Laboratory Measurements.

Fasting blood samples were collected at baseline and end of study. Serum 25(OH)D and 1,25(OH)2D were analyzed using immunoaffinity extraction and liquid chromatography-tandem mass spectrometry. Serum PTH was analyzed using the Beckman-Coulter DxI Analyzer. FGF23 was analyzed using the Kainos Human FGF-23 ELISA Kit. Serum high-sensitivity CRP was measured on a Beckman Coulter Analyzer. IL-6 was measured by ELISA (R&D Systems). Vitamin D binding globulin was measured using trypsin digestion-liquid chromatography-tandem mass spectrometry. eGFR was calculated at baseline and end of study using the MDRD equation (20). Spot urine samples were collected at baseline and end of study for measurement of urine albumin and creatinine.

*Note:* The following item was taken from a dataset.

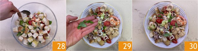 Mix well to combine all the ingredients 28. Plate and finish with a few basil leaves 29. Your seafood panzanella is ready to be served 30!
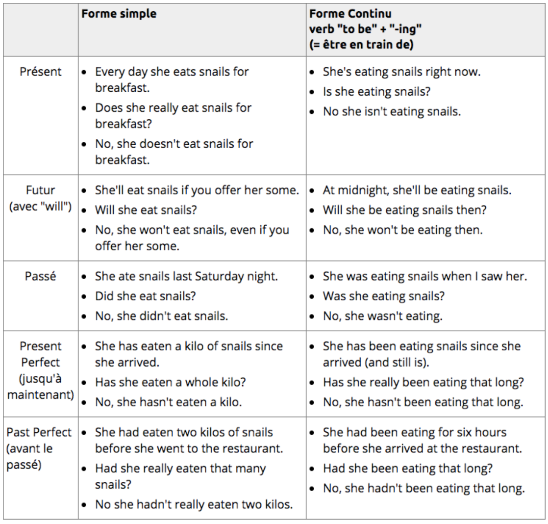 La grille ci-dessous donne un aperçu général du système des temps en anglais. Contrairement au français, il y a très peu de conjugaisons en anglais. Prenons l'exemple du verbe "eat" (manger). En français, les formes de ce verbe sont très nombreuses (manger, mangé, mange, mangeons, manges, mangeant …), tandis que le verbe "eat" en anglais n'a que cinq formes : eat, eats, eating, ate, eaten.

Endothelial Cell Protein Expression.

Vascular endothelial cells were collected as previously described (1719,21). Briefly, an intravenous catheter was placed into the antecubital vein, and a J wire was advanced into the vein approximately 4 cm beyond the tip of the catheter and withdrawn. Cells were recovered by washing and centrifugation, fixed with 3.7% formaldehyde, and plated on slides. Nonspecific binding sites were blocked with 5% donkey serum, and cells were incubated with mAbs for NFκB (Novus). Slides were scanned to identify endothelial cells (positive staining of VE Cadherin), and nuclear integrity was confirmed by positive 4′,6′-diamidino-2-phenylindole hydrochloride staining. Endothelial cell images were captured, and the intensity of staining was analyzed using NIS Elements AR Software (Laboratory Imaging). Total NFκB was normalized to a human umbilical vein endothelial cell (HUVEC) control. Values are reported as ratios of endothelial cell expression of NFκB to HUVEC expression of NFκB.

Patient Safety.

Participants had monthly safety visits, which included vital signs, serum calcium and phosphorus measurements, and adverse event assessment. A pill count for compliance was performed at months 3 and 6. If serum calcium was >10.5 mg/dl or phosphorus was >4.6 mg/dl, the measurement was repeated within 1 week. If the calcium level remained >10.5 mg/dl, the dose of the study medication was decreased. If serum phosphorus remained >4.6 mg/dl, the patient was first placed on a low-phosphate diet and then started on phosphate binders if phosphorus remained elevated. Sevelamer use was not allowed due to data showing an effect of sevelamer on FMD (22).

Statistical Analyses.

Baseline characteristics are reported as mean±SD or when appropriate, median (interquartile range [IQR]) for continuous variables and number and percentage for categorical variables. Paired t tests and two-sample t tests were used to compare normally distributed variables between study groups, whereas signed rank tests and Wilcoxon rank sum tests were used for skewed variables. Efficacy analyses were conducted in all randomized patients who completed measures at baseline and the end of the study (n=115). In secondary analyses, linear regression was used to adjust for covariates and their interaction with the intervention. All analyses were performed using SAS software, version 9.4 (SAS Institute Inc.).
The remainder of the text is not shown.